2. Write first five multiples of :
(a) 5 (b) 8 (c) 9
Solutions :
(a) In order to obtain first five multiples of 5, we multiply it by 1, 2, 3, 4 and 5 respectively.
We have,
5 × 1 = 5
5 × 2 = 10
5 × 3 = 15
5 × 4 = 20
5 × 5 = 25
Hence, the first five multiples of 5 are 5, 10, 15, 20 and 25 respectively.
(b) In order to obtain first five multiples of 8, we multiply it by 1, 2, 3, 4 and 5 respectively.
We have,
8 × 1 = 8
8 × 2 = 16
8 × 3 = 24
8 × 4 = 32
8 × 5 = 40
Hence, the first five multiples of 8 are 8, 16, 24, 32 and 40 respectively.
(c) In order to obtain first five multiples of 9, we multiply it by 1, 2, 3, 4 and 5 respectively.
We have,
9 × 1 = 9
9 × 2 = 18
9 × 3 = 27
9 × 4 = 36
9 × 5 = 45
Hence, the first five multiples of 9 are 9, 18, 27, 36 and 45 respectively.

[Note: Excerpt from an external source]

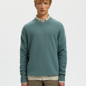 SELECTED – Balsam Green Melange Reuben Knit Relaxed Crewneck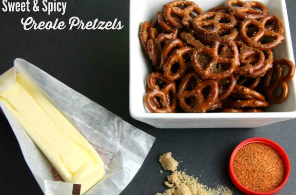 You could just open a bag of pretzels and get to snacking OR you could make these fabulous Sweet & Spicy Creole Pretzels! 4 ingredients, a few minutes to make the sweet & spicy glaze and just 10 minutes in the oven. I love snacks that hit on both the sweet and salty notes and these pretzels have the added bonus of spicy from a bit of Creole seasoning! Bet ya can’t pop just one!

3. Match the items in column 1 with the items in column 2.
| Column 1 | Column 2 |
|---|---|
| (i) 35 | (a) Multiple of 8 |
| (ii) 15 | (b) Multiple of 7 |
| (iii) 16 | (c) Multiple of 70 |
| (iv) 20 | (d) Factor of 30 |
| (v) 25 | (e) Factor of 50 |
| (f) Factor of 20 |
| Column 1 | Column 2 |
|---|---|
| (i) 35 | (b) Multiple of 7 |
| (ii) 15 | (d) Factor of 30 |
| (iii) 16 | (a) Multiple of 8 |
| (iv) 20 | (f) Factor of 20 |
| (v) 25 | (e) Factor of 50 |
4. Find all the multiples of 9 upto 100.
Solution :
All the multiples of 9 upto 100 are :
9 × 1, 9 × 2, 9 × 3, 9 × 4, 9 × 5, 9 × 6, 9 × 7, 9 × 8, 9 × 9, 9 × 10 and 9 × 11.
i.e., 9, 18, 27, 36, 45, 54, 63, 72, 81, 90 and 99.